酒井徹|2019年7月3日10:10AM

治安情報サイト「ガッコム安全ナビ」に掲載された「不審者情報」の画像。秋田県警ホームページ掲載の情報を元に作成されたが、「炎上」状態となり、すでに削除された。(提供/酒井徹)

「女装姿の男を目撃した」という「不審者情報」を秋田県警がホームページに載せた。㈱ガッコム(東京都港区)の治安情報サイト「ガッコム安全ナビ」がこの情報を拡散したことに対し、それだけで不審者扱いすることはおかしいとの批判がネット上で相次いだ。

「5月15日(水)20:00ころ/秋田市内/路上において、帰宅途中の女子高校生2人が、女装姿の男を目撃する事案が発生しました」

こうした「不審者情報」を秋田県警が5月21日にホームページに載せた。そこには「行為者の情報」として、その推定年齢や風体も記されていた。だがこの者がいかなる「不審」な「行為」をしたのかは記されていない。県警の他の不審者情報では「児童が、男から後をつけられる事案が発生」などと「行為」が記されている。

ガッコムは同日、「ガッコム安全ナビ」やツイッターにこの情報を掲載した。
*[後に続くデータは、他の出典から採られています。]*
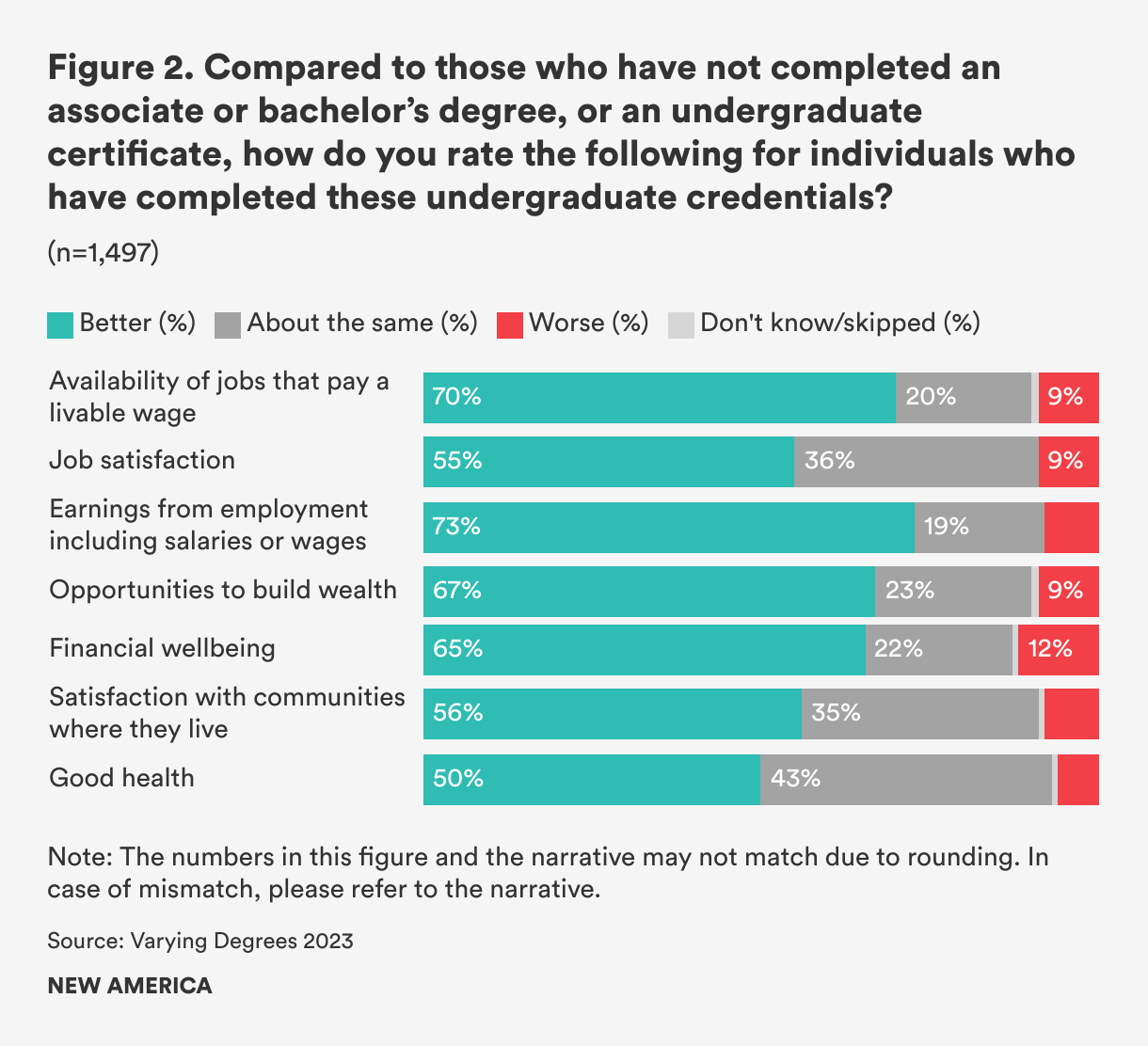 Americans have mixed opinions about what individuals with postsecondary credentials benefit from higher education: more would agree on the financial benefits of higher education than non-financial ones. Nearly three in four Americans believe that those with undergraduate credentials (i.e., certificate, associate, or bachelor’s degree) have greater earnings from their employment and better access to jobs that pay a living wage, and two in three believe that these individuals also have better financial well-being and opportunities to build wealth than those with only a high school degree. At the same time, only 55 and 56 percent respectively believe that those with undergraduate credentials enjoy greater job satisfaction and satisfaction with the communities they live in. Half think that these individuals also have better health (see Figure 2).

これに対して同21日には、「女装だけ?/え、なんでダメなの?」(……もふ氏)、「人権意識が無さ過ぎる」(こうし氏)などの返信ツイートが同社ツイッターになされた。2日後の23日には「同じ東北民の女装娘として、ちょっと不安になる事案/安易にA面で街歩けなくなりそう」(そにあ氏)と、当事者からも批判の声が寄せられた。
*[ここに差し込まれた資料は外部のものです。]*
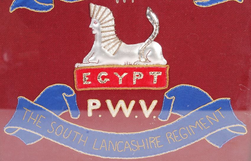 A post WWII Second World War British Military framed and glazed bullion ware embroidered emblem for the The South Lancashire Regiment. Measures; 40cm x 32cm.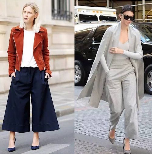 高腰加九分才是最显长腿的搭配,但是你要是喜欢夸张的也可以尝试一下高腰的长款阔腿裤,可能你会有一点点难驾驭,如果你身材完美的话当然OK。

翌24日にも「当事者としてとても疑問ですし、自分が危険人物として晒し上げられると思うと、恐怖です」(ヒカリ氏)、「女装男性がただ歩いている事は『事案』ではありません。異性装自体は犯罪行為でも加害行為でもありませんし、異性装者をそれだけで『行為者』扱いしこういったアナウンスを流す事は偏見の助長と扇動です」(蛟氏)などと批判の返信ツイートがあった。
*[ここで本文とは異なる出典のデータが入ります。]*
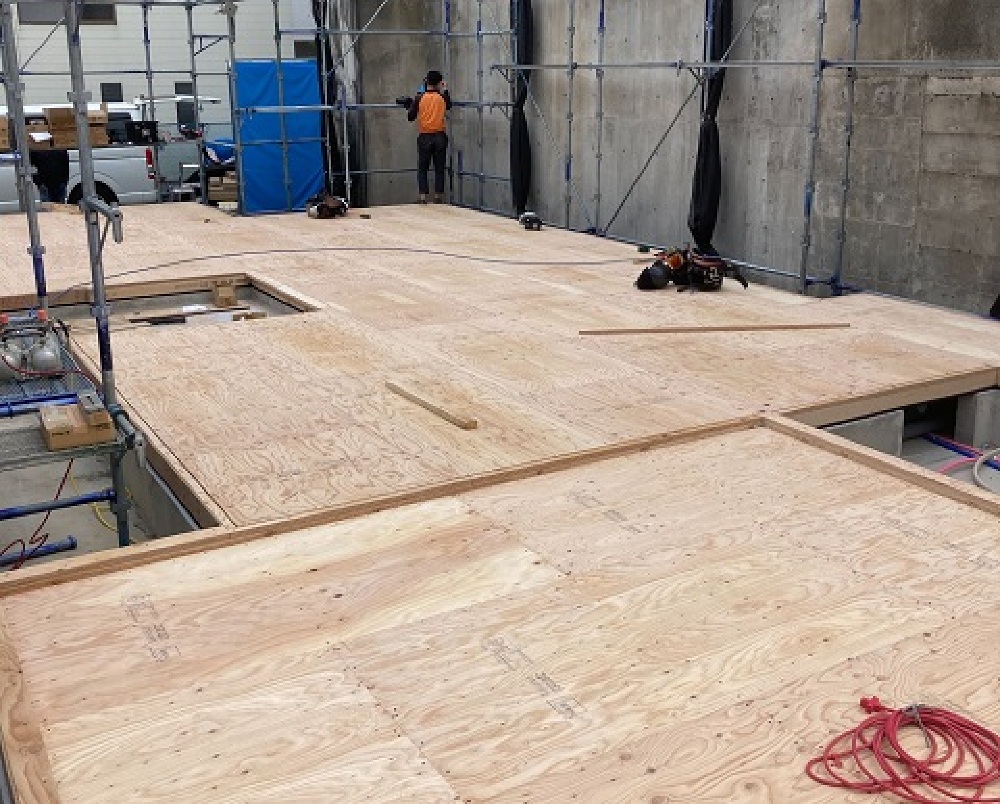 断熱材、床板を貼り1日で床伏せ工事は完了です。

25日には筆者も「この『不審者情報』、悪質じゃないですか?女装して町を歩いてるだけで『不審者』扱いされてこんな風に拡散されたんじゃ、性同一性障害とかのトランスジェンダーや異性装者は安心して秋田市で暮らせません。この方が一体どんな悪いことをやったというのでしょうか。『女装=不審』だとしたらひどすぎます」との返信ツイートを行なった。26日にも「これ安全と全く関係ない。トランスベスタイトへの偏見を助長する公式ヘイトスピーチか?」(bingomachi氏)との批判の声が寄せられた。だが、同社は翌27日までこの情報を削除も訂正もせずにサイトに載せ続けた。